Thanks to all the Campaign for Liberty members who attended.  We had a huge showing.

----------


## JoshLowry

Yes, please do keep it civil.  Guidelines apply even on days of celebration.

I just want to shake Ron's hand and tell him that he deserves it.

Ron Paul 2012!

----------


## Endgame

snip

----------


## nobody's_hero

Check out google trends:

http://www.google.com/trends

"Ron Paul straw poll" is #3 under Hot Topics

----------


## Vessol

> i thought it was fair. good segment





> Check out google trends:
> 
> http://www.google.com/trends
> 
> "Ron Paul straw poll" is #3 under Hot Topics


Let's get it above the stupid Tiger Woods crap and I'll be in the sky.

----------


## clb09

MILLIONS OF INFLUENTIAL BLOGGERS AND ASSIGNMENT EDITORS ACROSS THE GLOBE PAY CLOSE ATTENTION TO WHATS TRENDING ON GOOGLE...THIS IS BIG TIME, PEOPLE!!
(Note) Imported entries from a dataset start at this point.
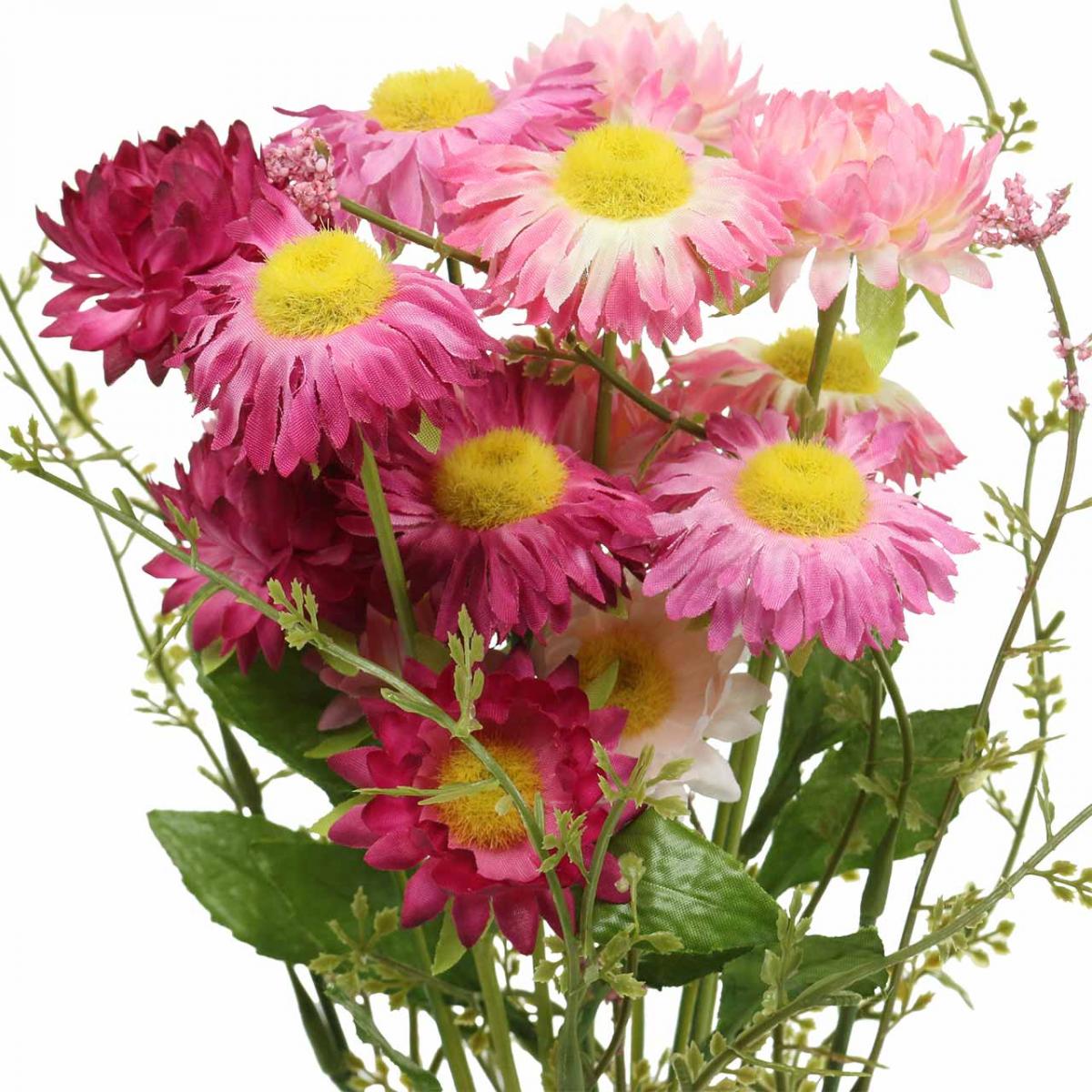 Rhodanthe Rosa - Fiori di seta rosa artificiali, mazzo di fiori di paglia, fiori decorativi da 46 cm
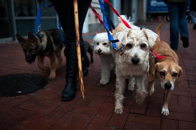 It’s no secret that we are cute animal crazy here at DCist. This photo of small pups by Matt.Dunn keeps up our tradition of loving the adorable. Aside from the “awww” factor, this image draws you in by creating a close connection with the subject. It also appears that the staff carrying dog walker may be leading these dogs into battle, like a prelude to the Puppy Bowl.
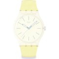 Ce bracelet de montre Swatchest fait de silicone et est attaché à la montre au moyen de goupilles en acier. Le bracelet a une taille de 19.7 mm et se ferme au moyen d'un boucle. Le bracelet n'a pas de support droit, ce qui signifie que ce bracelet convient uniquement aux montres énumérées ci-dessous.
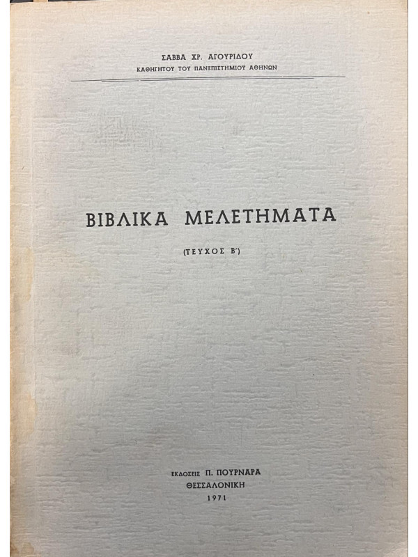 Αγουρίδης Σάββας Χ Βιβλικά μελετήματα (΄Β τόμος), Αγουρίδης Σάββας Χ. Βιβλικά μελετήματα (΄Β τόμος), Αγουρίδης Σάββας Χ.. Product #: 9788888981284 Regular price: €20.00 €20.00 Σε απόθεμα
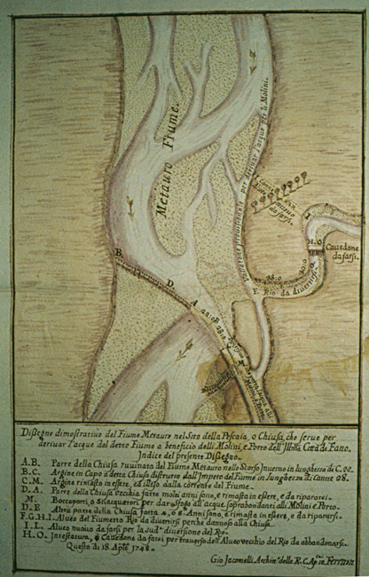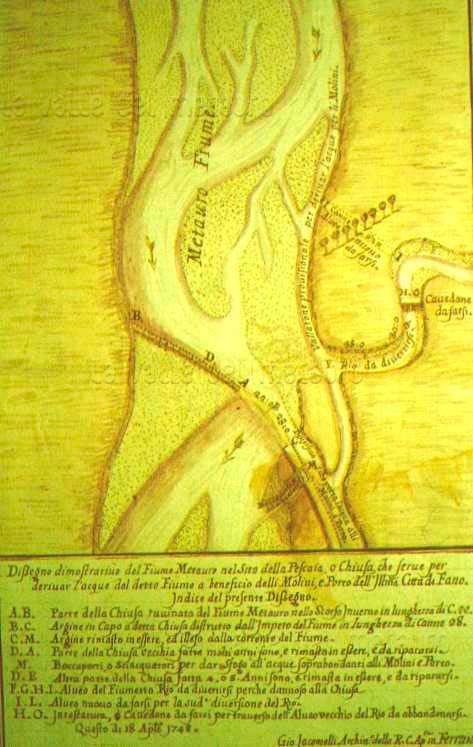 La Chiusa in un disegno del 1748. Giovanni Jacomelli, Pianta della zonadella Chiusa del Fiume Metauro di Fano, con progetto di varianti, 1748 Biblioteca Federiciana di Fano, Sala Manoscritti, Disegni, B3 - 45.
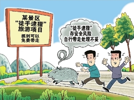 游客在景区猎场徒手抓“野猪”“野兔”“山鸡”,抓到还可以带走。近日,四川绵阳市北川羌族自治县一景区“徒手逮猎”旅游项目在网络上受关注,引发质疑。当地相关部门负责人表示,将协同相关部门对该项目的安全性,以及检疫、宰杀的规范性进一步监管。
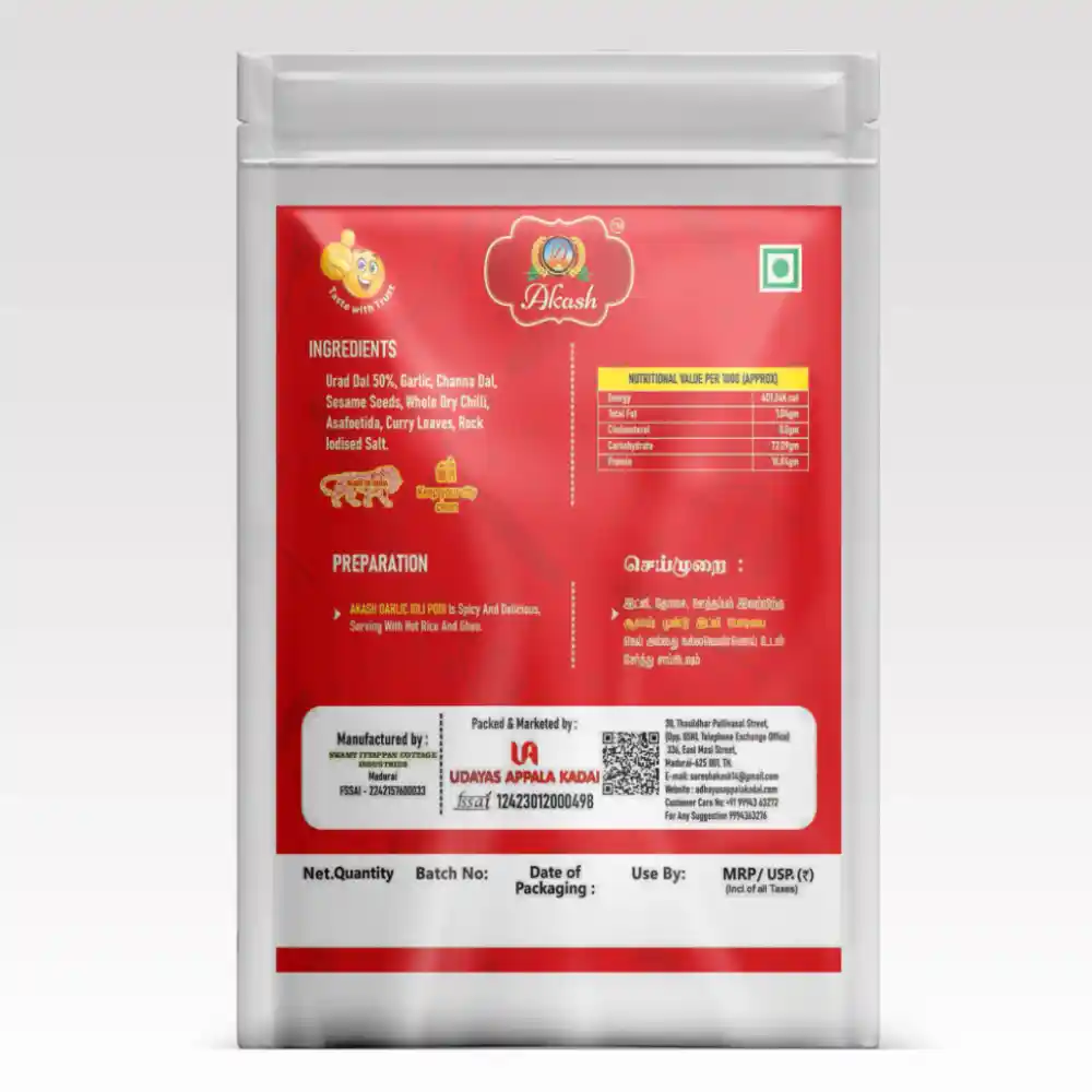 Spl Poondu Idli Podi is a flavourful variation of traditional idli podi made with the addition of garlic. The rich aroma of garlic combined with roasted lentils and spices creates a bold and delicious taste. Mix it with gingelly oil or ghee and enjoy with idli, dosa, or other tiffin items.
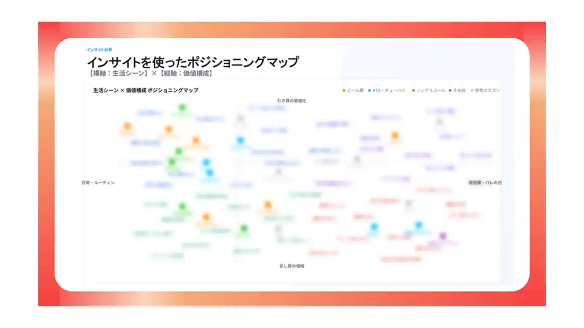 今回の分析により、個別調査では見えにくかったお酒やノンアルコール飲料に対する体系的なインサイトが可視化されたことは、大きな成果だと感じています。抽出されたインサイトやポジショニングマップは、社内における戦略や商品企画の議論において、今後活用できればと考えています。」 |
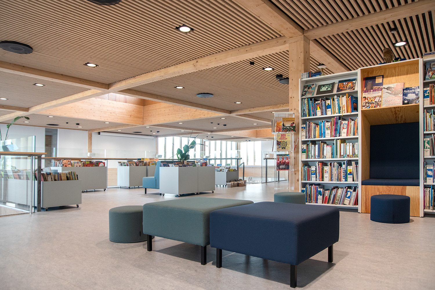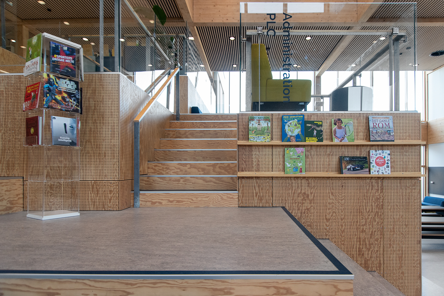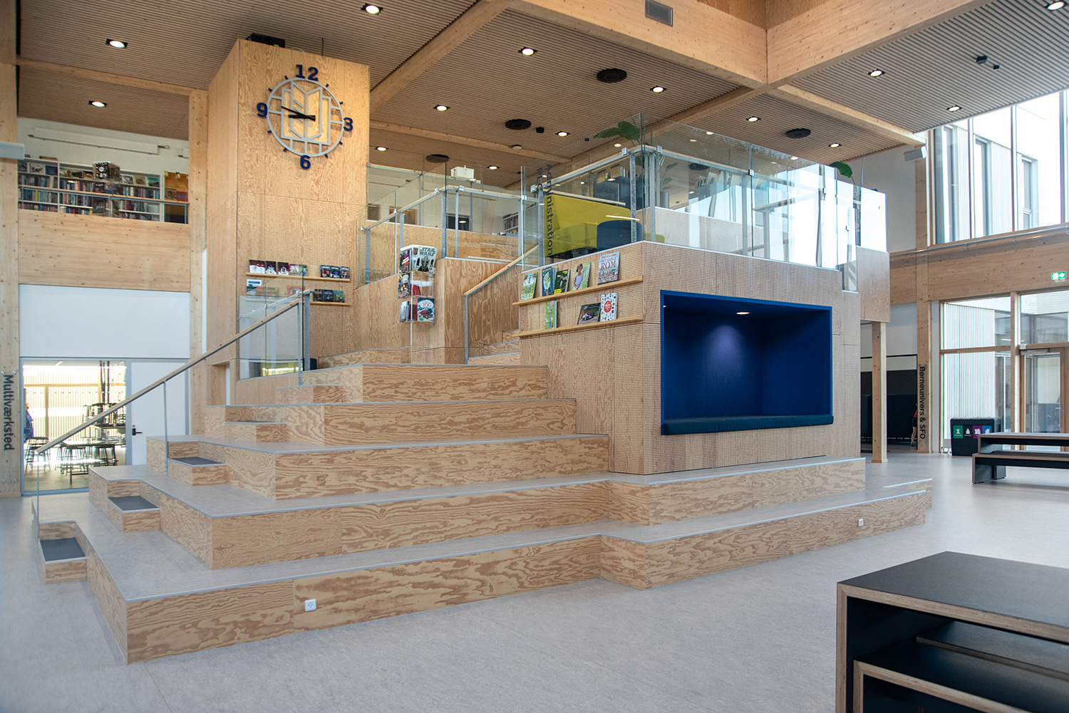 Lammhults Biblioteksdesign A/S a conçu et livré le centre d'apprentissage (bibliothèque) de l'école, qui est adapté à un avenir où les besoins des étudiants en matière de socialisation, d'espace libre et d'immersion sont la priorité absolue.

http://www.google.com/trends/hottren...2010-2-20&sa=X






> cpac straw poll
> 
> Hotness: Volcanic

----------


## FrankRep

*Free Republic.com freaks out about Ron Paul winning!*

Ron Paul Wins Presidential Straw Poll at CPAC
http://www.freerepublic.com/focus/f-news/2455858/posts

----------


## AdamT

To get into the grand ball room you had to have a diamond pass. Most of us didn't have those passes. If you were in the lobby area the applause and cheers were deafening. RP chant. Very happy here. We won and they have to accept it.

----------


## nobody's_hero

> Let's get it above the stupid Tiger Woods crap and I'll be in the sky.


I've not seen any news today. I'd kind of like to know what Tiger Woods got himself into now, but then, I really don't care, because Ron Paul is bigger news.

----------


## clb09

This photo is on abcnews.com FRONT PAGE:



The Headline:




> CONSERVATIVES' PICK: Ron Paul for President 2012

----------


## sluggo

Man oh man how I love to hear the statist warhawks cry.

----------


## AuH20

> but we must bomb Iran now and The Patriot Act will protect us and the bailout is not nearly big enough... can you spell credibility?
> 
> I've been reading your nonsense on this site long enough to know that your opinion has very little credibility around here.


Nonsense is in the eye of the beholder. Secondly, are you going to label me a neocon? I'm waiting.  5,4,3,2........

----------


## Flash

On another conservative forum I mentioned RP in a positive light (the discussion was CPAC) and got this in return:




> Been down the road, don't really care.
> 
> What don't you understand?
> 
> THIS IS NOT A LIBERTARIAN FORUM!  GO FYND ONE TO POST ON!
> 
> GO CANVASS YOUR LIBERTARIAN CANDIDATES THERE!
> 
> GO SUGGEST ADVOCATING LEGALYZING DRUGS AS YOU HAVE BEFORE!
> ...

----------


## KramerDSP

Post #13 from Dr. Blue at Politico

"Congratulations RP, new leader of the Conservatives... didn't see that one coming.... and neither did the neocons."

In the long run, will today be remembered as the equivalent of November 5th, 2007, when we look at things in the grand scheme in terms of overall impact? I think so.

But if he wins the Iowa Straw Poll, this thing goes supernova. Bank it.

----------


## KramerDSP

What do you think Gibbs reaction will be when asked about the CPAC Straw Poll results at the next White House briefing? That'll be interesting.

----------


## Vessol

> This photo is on abcnews.com FRONT PAGE:
> 
> 
> 
> The Headline:


I hope to see this headline in early 2012..

----------


## clb09

Top of Front Page on Google News...

Don't let them tell you that this is not big.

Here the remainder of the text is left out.